*** SUPPLIED ENTRIES ***

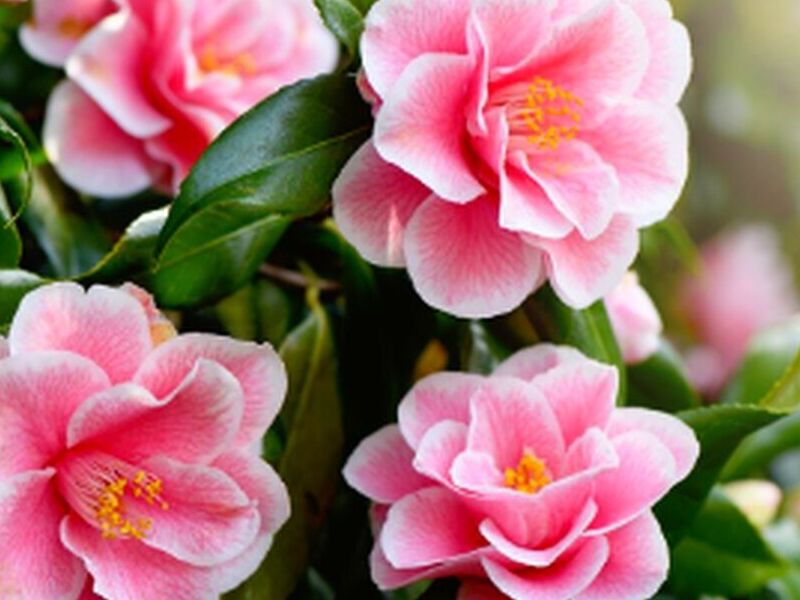 Las camelias son conocidas por sus hermosas flores, que pueden ser simples, semidobles o dobles, y vienen en una variedad de colores como blanco, rosa y rojo
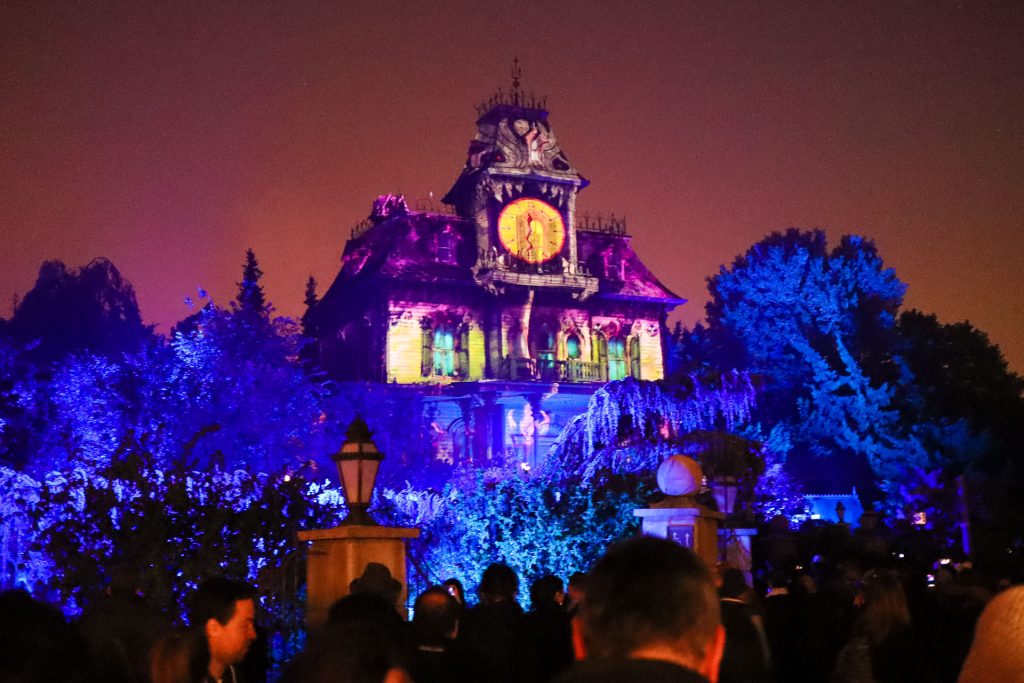 A minuit, Phantom Manor fut le temps d’un spectacle, le support d’un mapping de toute beauté que j’espère vraiment revoir pour Halloween cet automne ! De même pour la mise en lumière verte et bleue dans les jardins du Manor où circulaient d’ailleurs une mariée à ce qu’on dit …
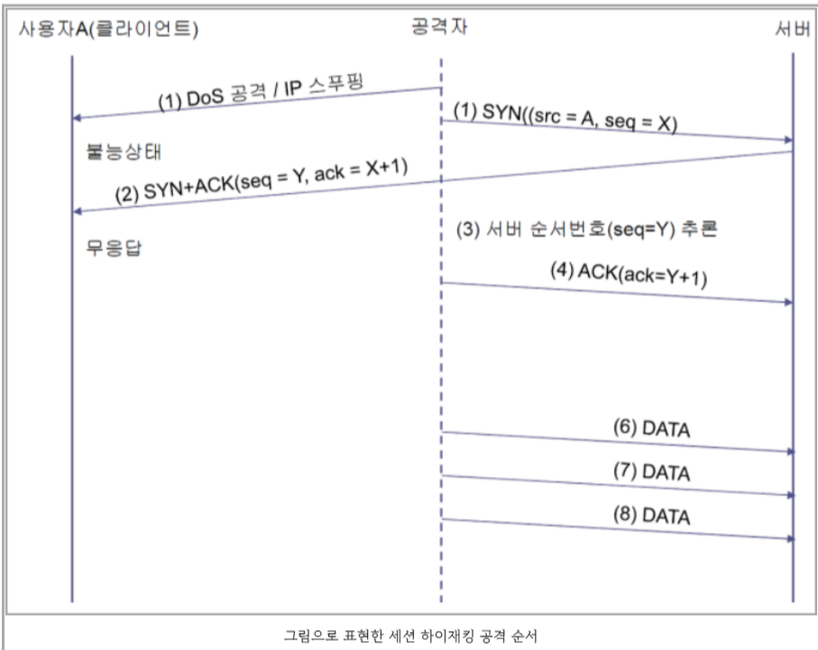 서버와 클라이언트에 각각 잘못된 Sequence number을 사용해서 잠시 혼란을 준 뒤 공격자가 세션을 탈취하는 방식.
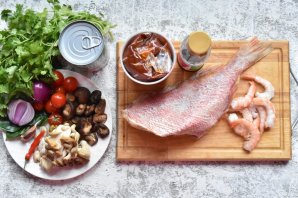 Подготовьте продукты для приготовления супа "Том Ям". Используйте любую морскую рыбу. Выпотрошите ее, очистите от чешуи и хорошо промойте.
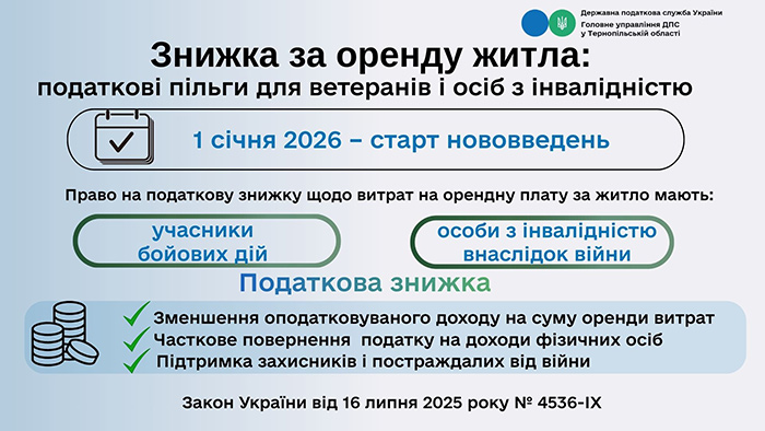 ДПС у Тернопільській області розповідає, що з 1 січня розширено перелік платників податку, які мають право скористатися податковою знижкою за витратами на оренду житла.
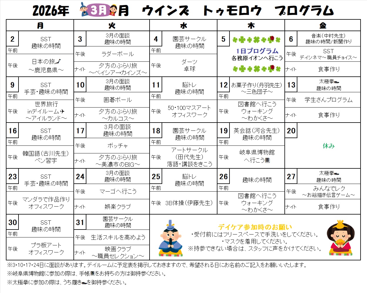 2026年3月のプログラム
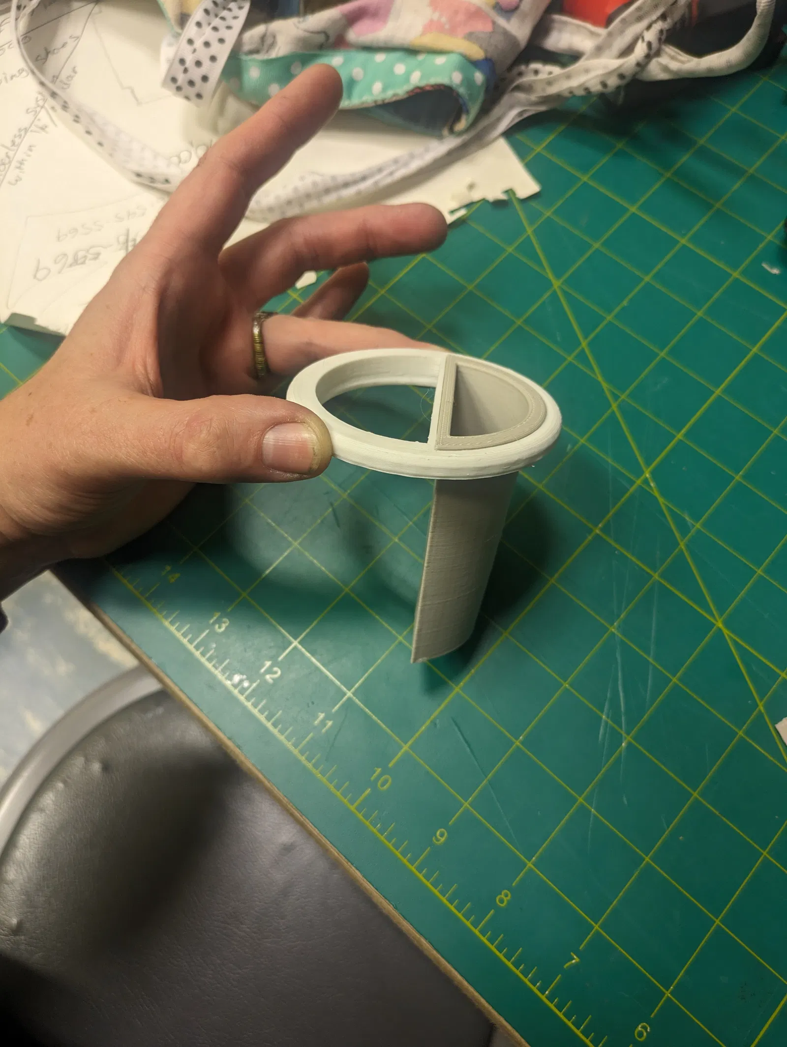 Tôi đã tạo ra này cho một sợi dây Bernina để phù hợp qua. Các lỗ cắt của tôi là 2,5 inch trong đường kính, hãy scale theo. Đây được in với ít hỗ trợ càng ít, tôi chỉ thêm hỗ trợ cho rìa.
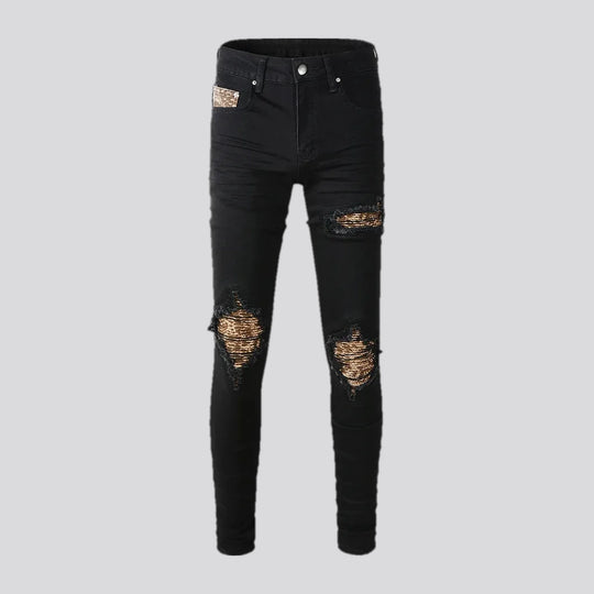Vintage patchwork skinny men's jeans
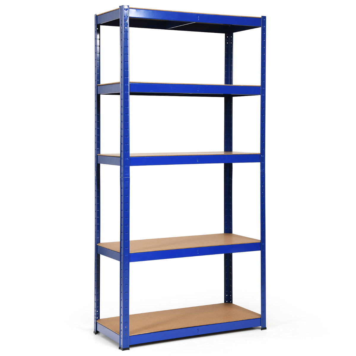 Características: Feito com estrutura de aço galvanizado e tábuas de MDF Almofadas antiderrapantes para aumentar a estabilidade e evitar riscar o chão 5 prateleiras espaçosas para colocar vários objetos Ideal para garagem, armazém, cozinha, casa de banho, etc. Design sem parafusos para montagem fácil Cada prateleira suporta até 175 kg Fácil de limpar com revestimento anti-ferrugem e anticorrosão
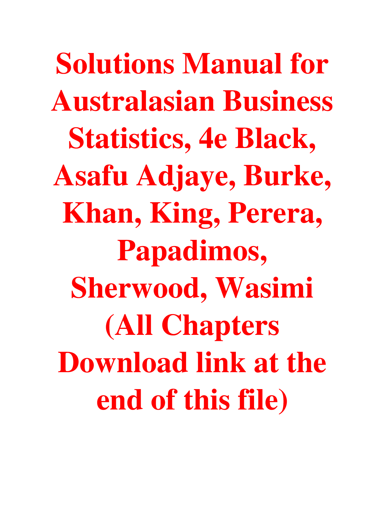 Statistics > SOLUTIONS MANUAL > Solutions Manual for Australasian Business Statistics, 4e Black, Asafu Adjaye, Burke, Khan, King, Perera, Papadimos, Sherwood, Wasimi (All)

***

• _WHAT YOU ARE ASKED TO DO_
Return each entry above unchanged. Leave the pictures out.

• _EXERCISE OUTPUT_
 Las camelias son conocidas por sus hermosas flores, que pueden ser simples, semidobles o dobles, y vienen en una variedad de colores como blanco, rosa y rojo
 A minuit, Phantom Manor fut le temps d’un spectacle, le support d’un mapping de toute beauté que j’espère vraiment revoir pour Halloween cet automne ! De même pour la mise en lumière verte et bleue dans les jardins du Manor où circulaient d’ailleurs une mariée à ce qu’on dit …
 서버와 클라이언트에 각각 잘못된 Sequence number을 사용해서 잠시 혼란을 준 뒤 공격자가 세션을 탈취하는 방식.
 Подготовьте продукты для приготовления супа "Том Ям". Используйте любую морскую рыбу. Выпотрошите ее, очистите от чешуи и хорошо промойте.
 ДПС у Тернопільській області розповідає, що з 1 січня розширено перелік платників податку, які мають право скористатися податковою знижкою за витратами на оренду житла.
 2026年3月のプログラム
 Tôi đã tạo ra này cho một sợi dây Bernina để phù hợp qua. Các lỗ cắt của tôi là 2,5 inch trong đường kính, hãy scale theo. Đây được in với ít hỗ trợ càng ít, tôi chỉ thêm hỗ trợ cho rìa.
Vintage patchwork skinny men's jeans
 Características: Feito com estrutura de aço galvanizado e tábuas de MDF Almofadas antiderrapantes para aumentar a estabilidade e evitar riscar o chão 5 prateleiras espaçosas para colocar vários objetos Ideal para garagem, armazém, cozinha, casa de banho, etc. Design sem parafusos para montagem fácil Cada prateleira suporta até 175 kg Fácil de limpar com revestimento anti-ferrugem e anticorrosão
 Statistics > SOLUTIONS MANUAL > Solutions Manual for Australasian Business Statistics, 4e Black, Asafu Adjaye, Burke, Khan, King, Perera, Papadimos, Sherwood, Wasimi (All)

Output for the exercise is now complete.